Adaptacji nie zrobiłem ponieważ wtyczka nie została wyciągnięta a klapke czyściłem b.delikatnie żeby nie zmieniła swojego położenia. Jednak zrobię adaptacje Vag-em i wtedy zobaczymy. Środek czyszczący kupiłem w NOMI bo akurat nie było benzyny ekstrakcyjnej, pisze na nim że jest do czyszczenia pędzli itd, nie widzę na nim składu chemicznego.
Obserwacje klapki wykonałem PRZED zalaniem przepustnicy płynem czyszczącym ale po czyszczeniu wacikiem higienicznym. Z tego co Napisałeś wnioskuje że zachowanie przepustnicy mam nieprawidłowe
Silnik eksperymenty przeżył i czuje się doskonale
![Smile :)](./images/smilies/icon_smile.gif)
Jak tylko zauważyłem samozapłon natychmiast włączyłem rozrusznik więc nie trwało to długo. Zalanie miało na celu lepsze oczyszczenie tulei przepustnicy pod klapką. Podczas samozapłonu nie było żadnych wystrzałów jak to ma często miejsce przy LPG i wtedy kolektor plastikowy rozsypuje się...
Naprawdę dbam o silnik i daleko mi do katowania, tak się stało i już.
Jest też małe prawdopodobieństwo braku smarowania w punkcie tłok(pierścień) <-> gładź cylindra przez wypłukanie środkiem czyszczącym ponieważ silnik wcześniej pracował więc olej tam był.

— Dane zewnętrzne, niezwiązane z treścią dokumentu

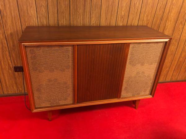 Selling my vintage mcm excellent condition record player. Made of wood. Front has doors and side speakers. Not sure it works but everything looks original. No damage. Comes from a smoke free, pet...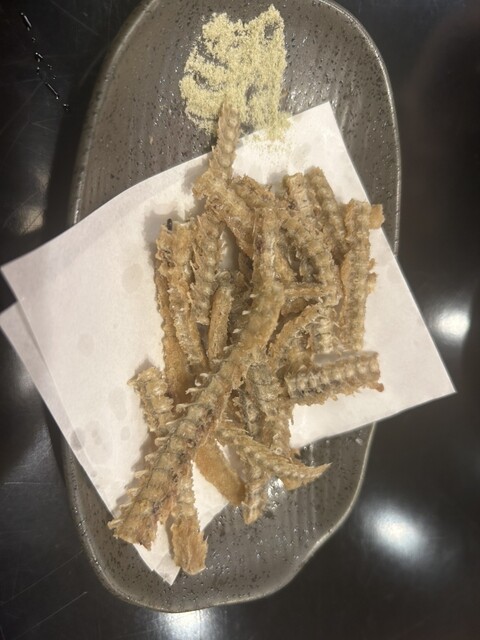 お通しに5-6本のうなぎの骨せんべいが来ました。

Bardzo dziękuje za odpowiedź , po adaptacji sprawdzę czy coś się zmieniło.
pozdrawiam
[ Dodano: 2007-07-26, 22:49 ]No więc przepustnica nie moze reagować proporcjonalnie do obrotów silnika ponieważ steruje ją sterownik silnika w zależności od różnych czynników. Jest to wiadomość sprawdzona w 100% u specjalisty. Po adaptacji spalanie wróciło do normy i to była główna przyczyna większego spalania. Ponowny test VAG-iem nie wykazał błędów.